García tiene una idea bajo la manga; sin embargo, en años anteriores se han reportado casos de inmigrantes indocumentados que temen salir a reclamar su premio por temor a ser deportados.

Russ López, portavoz de la lotería en California, dijo que no es ningún problema si un indocumentado compra y gana.

Los boletos se venderán hasta las 7:00 p.m. de hoy. / Foto: Mey Lyn Mitteenn

“Puedes reclamar seguro tu premio. No nos importa tu estatus migratorio”, dijo López.

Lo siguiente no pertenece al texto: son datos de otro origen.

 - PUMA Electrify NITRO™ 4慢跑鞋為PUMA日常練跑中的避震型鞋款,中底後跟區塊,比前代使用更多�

No obstante, enfatizó que todas las personas —con o sin documentos— son cuestionadas acerca de dónde compraron su boleto y les hacen preguntas personales para confirmar que no estén cometiendo fraude.

“Es mejor que vengan ellos porque a veces [los indocumentados] van con el amigo a que les cambie su boleto ganador y esta persona los estafa” al robarse su premio, dijo la portavoz.

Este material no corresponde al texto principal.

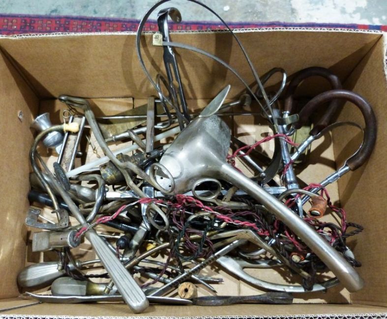 Large quantity of metal surgical instruments in one box

Bajo las reglas de la lotería a cualquier persona que gane un premio se le deducen 25% del total. Pero si la persona está de manera ilegal en el país se le deduce un 30%.

“Su nombre sí se convierte en récord público pero es opcional si la persona se quiere tomar o no una foto con el premio para publicar su imagen”, añadió López.

García, dice que una vez se ganó $100, y aunque sabe que las posibilidades de ganarse el premio mayor es una en 292 millones tiene todavía mucha fe. “Compro mi boleto porque estoy esperando mi día de suerte”.

Si las personas tienen preguntas pueden visitar CAlottery.com y pulsar en la parte superior derecha la versión en español.